Open nasonfish opened 8 years ago
I think we should switch away from html scraping if possible. It looks like there are a few api's available this was the top google hit and it it seems like it could work: https://github.com/tapasweni-pathak/Horoscope-API
Thats a web frontend for https://testpypi.python.org/pypi/horoscope, which rips from Ganeshaspeaks... sooo, not really better.

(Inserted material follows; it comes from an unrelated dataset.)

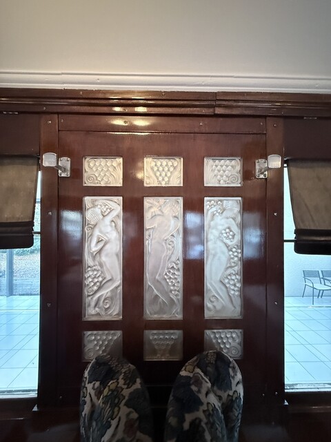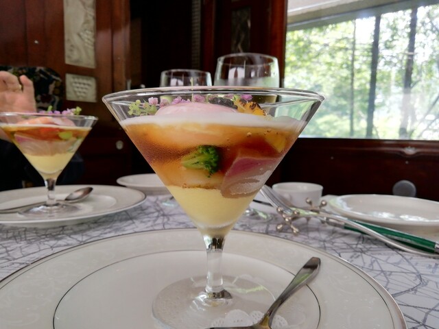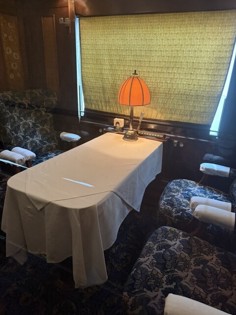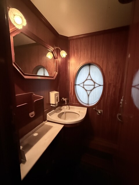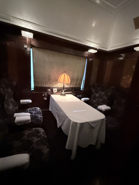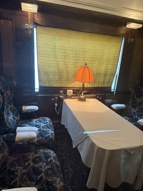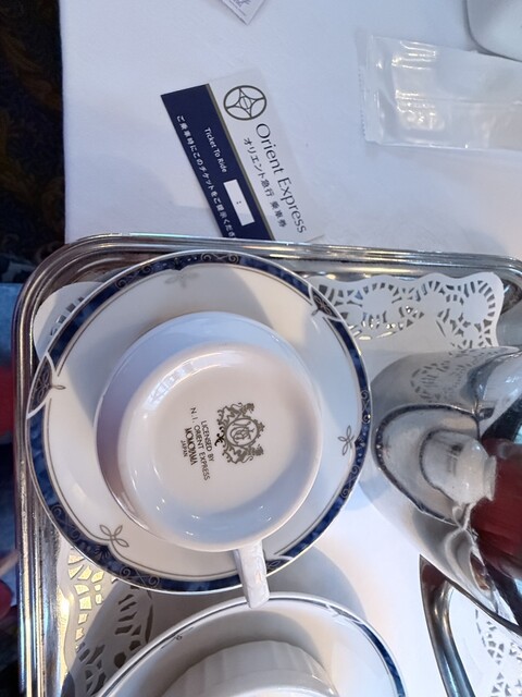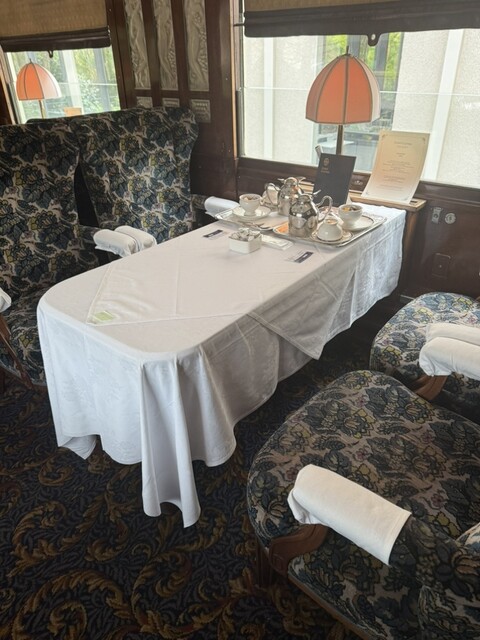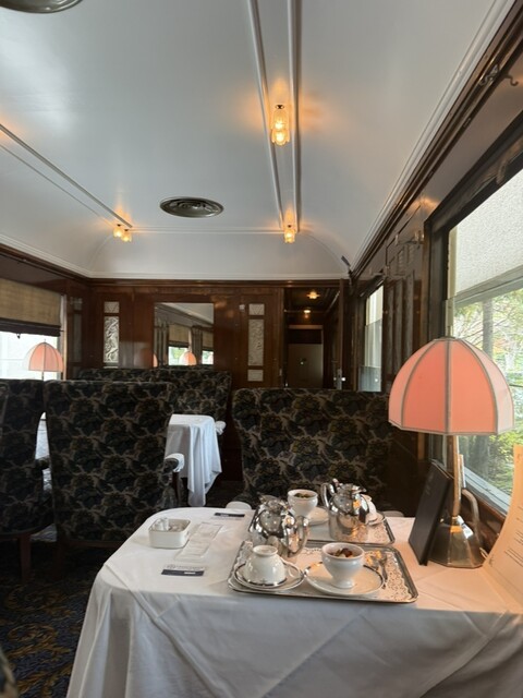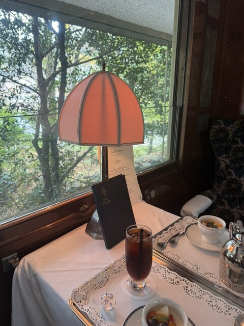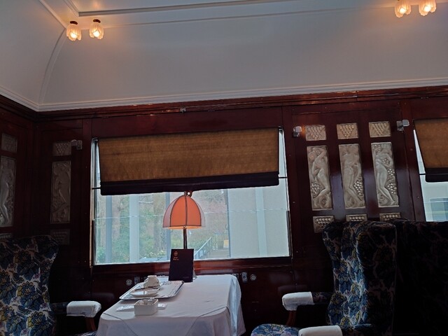 箱根ラリック美術館に併設された「オリエント急行」は、まるで時が止まったかのような特別な空間だった。実際にヨーロッパを走っていた豪華列車の車両がそのままティーサロンとして使われており、足を踏み入れた瞬間に非日常の世界へと誘われる。内装は繊細なラリックのガラス装飾が輝き、木の質感や真鍮の細工が歴史を語る。男性でも思わず見惚れてしまうほどの重厚感と品格がある。

On Fri, Oct 16, 2015 at 1:24 AM, Andy Edwards notifications@github.com wrote:
I think we should switch away from html scraping if possible. It looks like there are a few api's available this was the top google hit and it it seems like it could work: https://github.com/tapasweni-pathak/Horoscope-API
— Reply to this email directly or view it on GitHub https://github.com/CloudBotIRC/CloudBot/issues/199#issuecomment-148370220 .
If there is no free api maybe horoscope gets dropped since maintaining an HTML scraping plugin can be pretty burdensome.
For what it's worth, here's an updated version of the plugin, but where to go from here is debatable, if we should just keep supporting this site or not.
# Plugin by Infinity - <https://github.com/infinitylabs/UguuBot>
import requests
from bs4 import BeautifulSoup
from cloudbot import hook
from cloudbot.util import formatting
@hook.on_start()
def init(db):
db.execute("create table if not exists horoscope(nick primary key, sign)")
db.commit()
@hook.command(autohelp=False)
def horoscope(text, db, bot, notice, nick):
"""<sign> - get your horoscope"""
headers = {'User-Agent': bot.user_agent}
# check if the user asked us not to save his details
dontsave = text.endswith(" dontsave")
if dontsave:
sign = text[:-9].strip().lower()
else:
sign = text
db.execute("create table if not exists horoscope(nick primary key, sign)")
if not sign:
sign = db.execute("select sign from horoscope where "
"nick=lower(:nick)", {'nick': nick}).fetchone()
if not sign:
notice("horoscope <sign> -- Get your horoscope")
return
sign = sign[0]
url = "http://my.horoscope.com/astrology/free-daily-horoscope-{}.html".format(sign)
try:
request = requests.get(url, headers=headers)
request.raise_for_status()
except (requests.exceptions.HTTPError, requests.exceptions.ConnectionError) as e:
return "Could not get horoscope: {}.".format(e)
soup = BeautifulSoup(request.text)
title = soup.find_all('h1', {'class': 'f40'})
if not title:
return "Could not get the horoscope for {}.".format(text)
title = title[0].text.strip()
horoscope_text = soup.find('div', {'class': 'block-horoscope-text'}).text.strip()
result = "\x02{}\x02 {}".format(title, horoscope_text)
result = formatting.strip_html(result)
if text and not dontsave:
db.execute("insert or replace into horoscope(nick, sign) values (:nick, :sign)",
{'nick': nick.lower(), 'sign': sign})
db.commit()
return result
We HTML scrape from a site and that site changed their HTML such that the fields we were using previously no longer match the classes we use in horoscope.py, resulting in us not being able to find a sign and returning an error no matter what.